I'm in the market for a small media centre style machine like this...to replace the ageing hunk that is my desktop!
Designed for the telly?
I'm sorry, but I have to disagree. A few month ago I have been able to power up one of those Zinos on my TV-set. It came fresh out of the box, booted, and greeted me with a desktop with a thick black border. It took me half an hour of browsing through various menus to find the setting to turn that off.
It seems like the software on the box assumed I misconfigured my television to zoom in onto the picture and tries to compensate that by scaling down the original picture and adding a black border. That's just sick! Doesn't anybody even try out that design before getting it produced?
Huh? "Windows has NO place in an HTPC
Windows Media Centre is actually very good as a HTPC.
The UI is done well, all of the TV tuners available work with it, it works extremely well, and there is a healthy collection of useful third-party and enthusiast add-ons and utilities.

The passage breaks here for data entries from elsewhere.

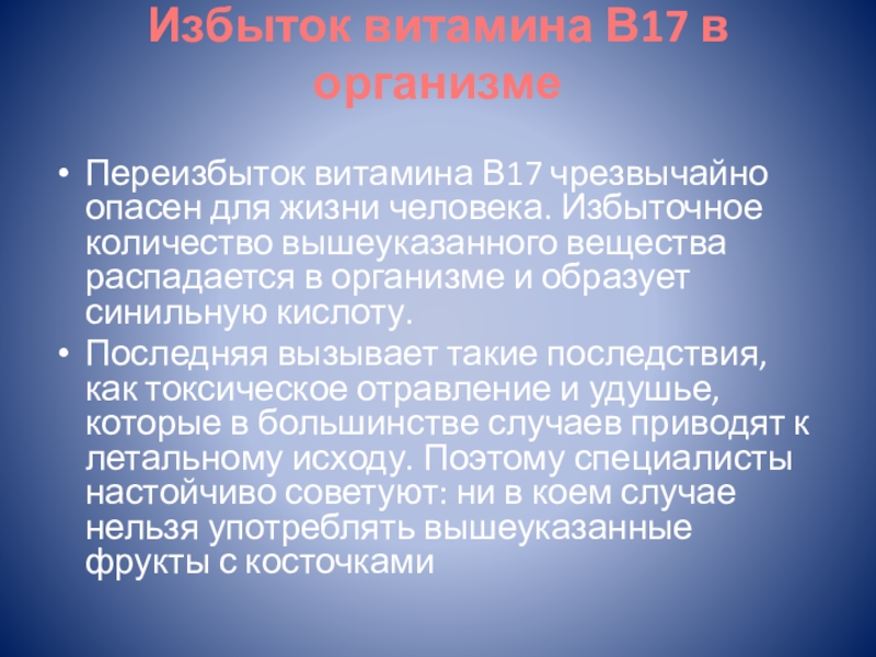 жизни человека. Избыточное количество вышеуказанного вещества распадается в организме и образует синильную кислоту.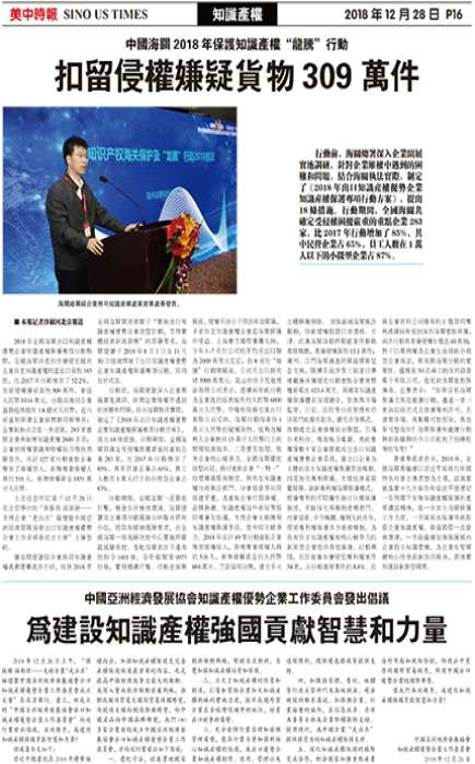 2018年12月26日上午,“强服务话创新——支持企业‘走出去’论坛暨中国亚洲经济发展协会出口知识产权优势企业工作委员会成立大会”在北京举行。会上,新成立的“中国亚洲经济发展协会出口知识产权优势企业工作委员会”向同行业发出倡议,共同携手,为建设知识产权强国贡献智慧和力量!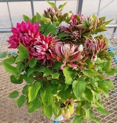 【送料無料】鉢物クレマチス◆花炎(かえん)赤八重咲き)※同梱不可 ※遠方のみ送料加算有り ■母の日鉢もの特集なら花材通販【はなどんやアソシエ】におまかせ!即日発送、送料無料、ポイント還元も。個人法人問わず花材が仕入れられるネット通販です。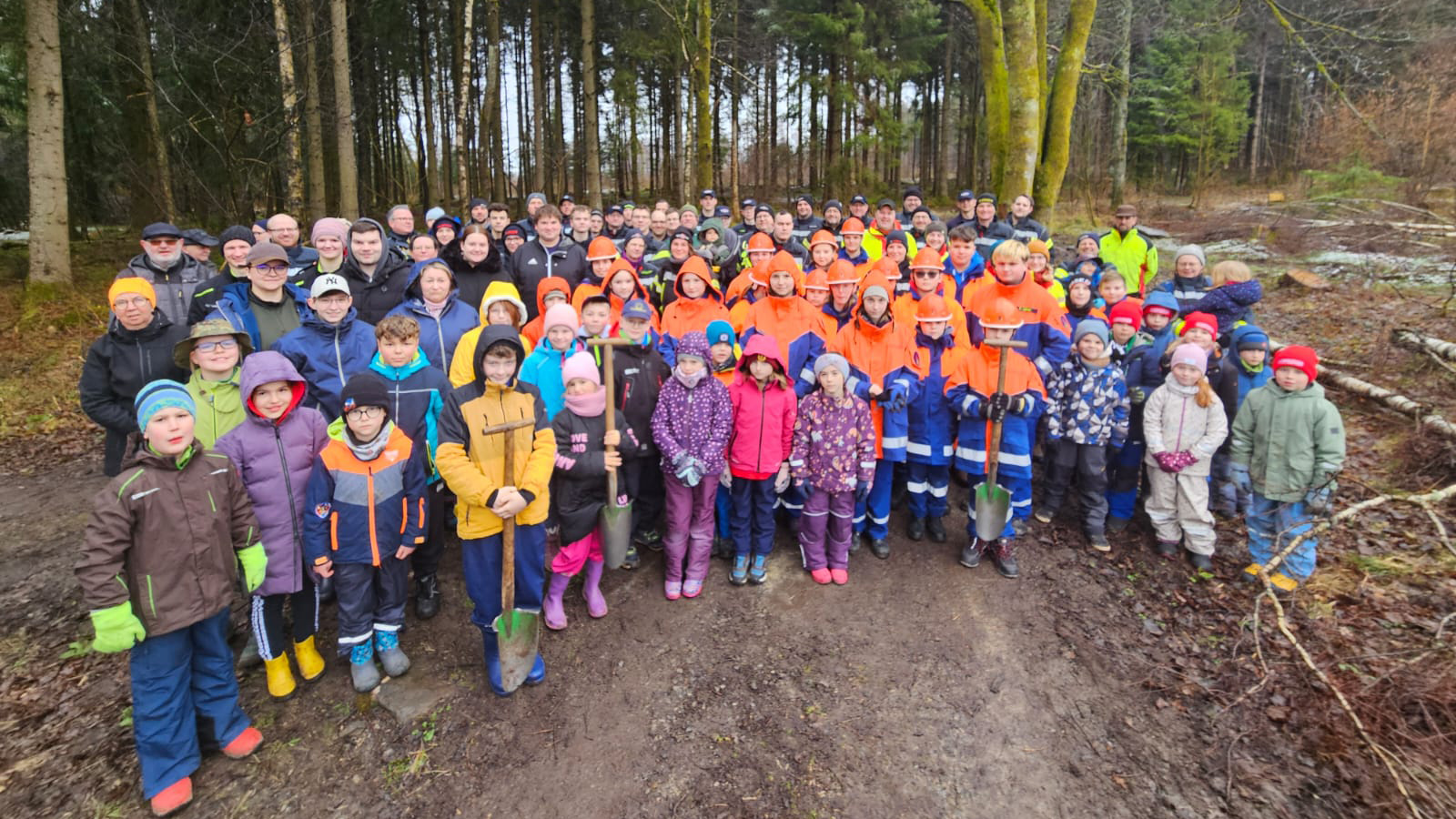 Etwa 90 Mitglieder der Kinder- und Jugendfeuerwehren aus Holzminden, Neuhaus und Silberborn beteiligten sich an der Aktion. Mit Spaten ausgerüstet setzten sie die Setzlinge in vorbereitete Pflanzlöcher und drückten den Boden anschließend sorgfältig an, damit die jungen Bäume gute Wachstumsbedingungen haben. Die Witterung verlangte den Helferinnen und Helfern einiges ab: Regen, Sonnenschein und sogar Schneeregen wechselten sich im Laufe des Vormittags ab. Entsprechend ausgerüstet ließen sich die Teilnehmenden davon jedoch nicht aufhalten.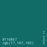 Цвет #116B67 в цветовой модели RGB обозначается тремя октетами (17, 107, 103) в десятичном формате и #116B67 в шестнадцатиричном (hex) формате, которые являются интенсивностью красного 17 (hex 11), интенсивность зелёного 107 (hex 6B) и интенсивность синего 103 (hex 67).
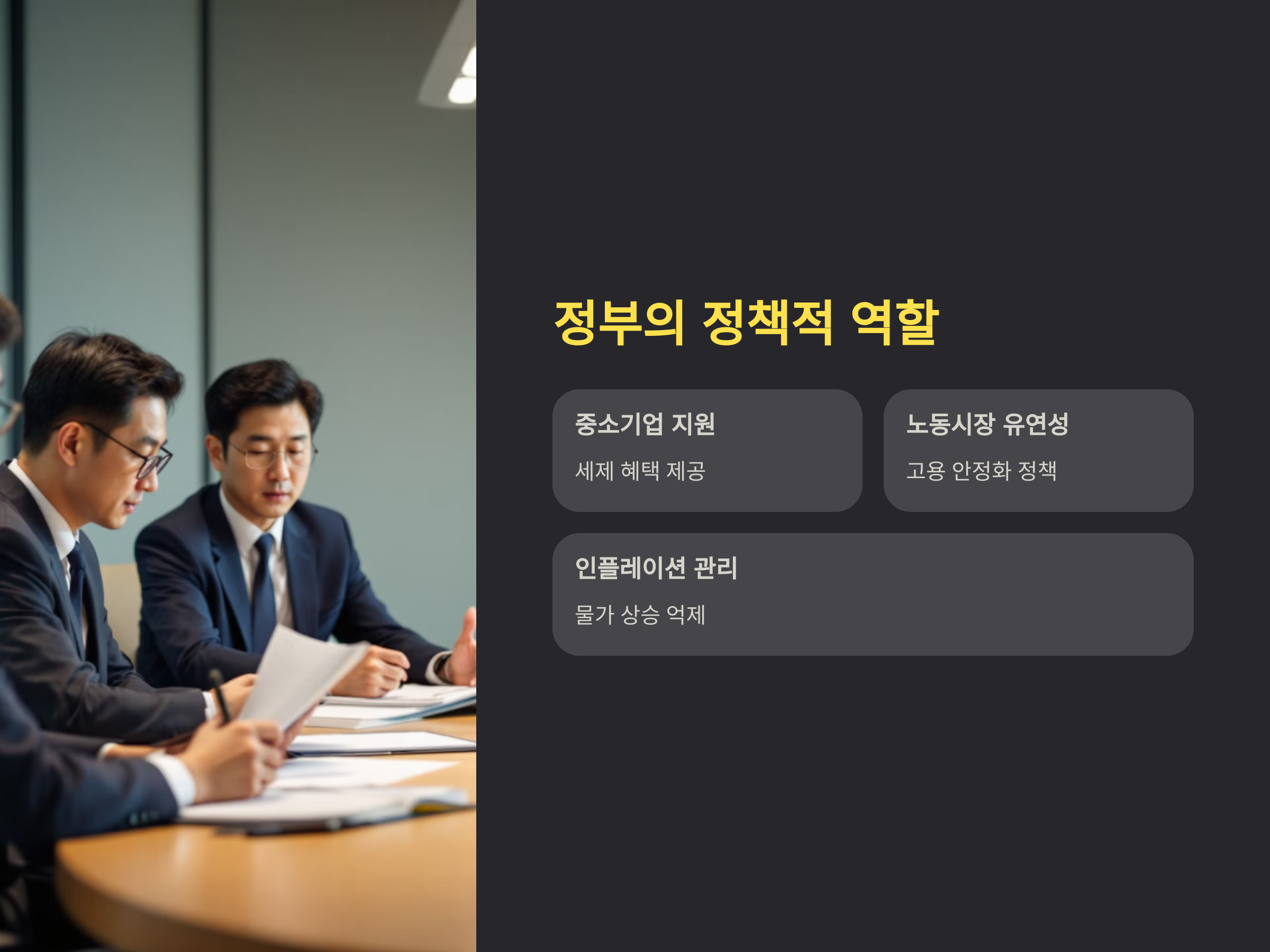 최저임금 인상은 정부의 정책이 중요한 역할을 합니다. 정부는 최저임금을 인상함으로써 발생할 수 있는 부정적인 영향을 최소화하려는 노력이 필요합니다. 예를 들어, 중소기업 지원 정책, 세제 혜택 제공, 그리고 노동 시장의 유연성을 높일 수 있는 방안들이 그것입니다.

If you'd bother to take a look, you may be pleasantly surprised.
Of course, if you simply take every chance you can get to rubbish Windows and push Linux, even when inappropriate, then I've just wasted a few minutes of my time.
I'm looking into getting one of these to replace my "Frankenstein" machine which I ended up donating the system board out to a good cause.
Price was one of the factors I was considering, along with the ability to hook it up to a TV out of the box.
It's not that I don't have a decent, wide screen flat panel monitor. I do.
It's not that I don't have a decent, regular desktop style computer desk. I've got that as well.
I wanted something readily portable but not a laptop.
As far as the operating system goes, here are my thoughts:
Box is cheaper than Mac Mini (So, no Mac machine for me, sorry Steve.)
Called with Dell, and tried to get them to forgo the windows tax. They wouldn't budge on it.
Would want to put Windows 7 64 bit on it, but if I couldn't get that, maybe experiment with Windows XP Media Center instead.
I could put Linux on it, but this machine will be replacing the only computing gaming machine at home.